QUIC implementations such as quant support zero-copy (via warpcore). Via BYOB, zero-copy should be feasible for both readable and writable streams.

So it seems to me that zero-copy should be feasible in WebTransport via BYOB, in which case some examples should be provided to show how it works.

Can you clarify what data exactly should not be copied and when? Our QUIC implementation lives in a different process from where JavaScript runs, so a copy will be necessary for security reasons.

With Chromium implementation BYOB doesn't reduce copy but it does reduce the number of allocations, pressure for the GC system and the peak memory usage.

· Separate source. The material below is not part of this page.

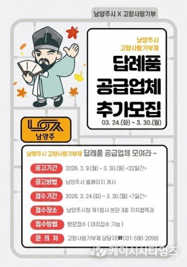 (케이시사타임즈) 남양주시는 오는 3월 24일부터 고향사랑기부제 참여자들에게 제공할 ‘2026년 고향사랑기부제 답례품 공급업체’ 추가 모집 접수를 시작한다고 6일 밝혔다.

The allocation CPU cost is real, from our experience in WebSocket.

aboba commented

Going over the current state of browser implementations, a WebTransport application using WebAssembly and Workers may require as many as a dozen memory copies on both the sending and receiving side. There are copies for send and receive (C++/JS), for use of WebAssembly, as well as for use of data within a Transferrable Stream.

Could you elaborate on a bit more please? We, the Streams API team in Google, want to help people write efficient applications by providing good APIs and implementation. cc:@ricea @domenic

aboba commented

One of the scenarios for WebTransport + WebCodecs is realtime communications in which portions of the pipeline (such as packetization or machine learning) are handled in WebAssembly. Currently, it appears that copies may exist at every stage in the pipeline (e.g. capture, machine learning, encode, packetization, send, receive, de-packetization, decode, more machine learning, render). Several of these copies represent additional overhead not present in WebRTC (e.g. no additional copies for packetization/de-packetization). This isn't solely a WebTransport problem; some of these copies are being worked on (support for zero-copy capture and zero-copy rasterization), some are due to WASM.

aboba commented

Is BYOB supported currently? If I try below code in Chromium, last line produces an error.

const reader = transport.incomingUnidirectionalStreams.getReader();
const {value, done } = await reader.read();
const byob_reader = value.getReader({mode: "byob"});

If it is supported, is there a running sample code?

BYOB support for WebTransport streams was merged just 10 days ago.

https://chromium-review.googlesource.com/c/chromium/src/+/3799089

aboba commented

Thanks! Will check it out in Canary.

aboba commented

@jianjunz Trying it out in M108, seems to be working very well. Overall latency is down quite a bit. Thank you!

Thanks for your feedback. BYOB support for datagrams (CL) is not merged yet. One concern from Adam is it will lose the datagram boundaries. Feel free to add your comments if you have. Thanks.

The streams spec has a byob example we might want to crib.

aboba commented

I have included BYOB for streams in the WebCodecs Echo sample (requires M108+).

Once #487 is merged, we have BYOB for both datagrams and regular streams. So now's a good time to add some examples to show how it works.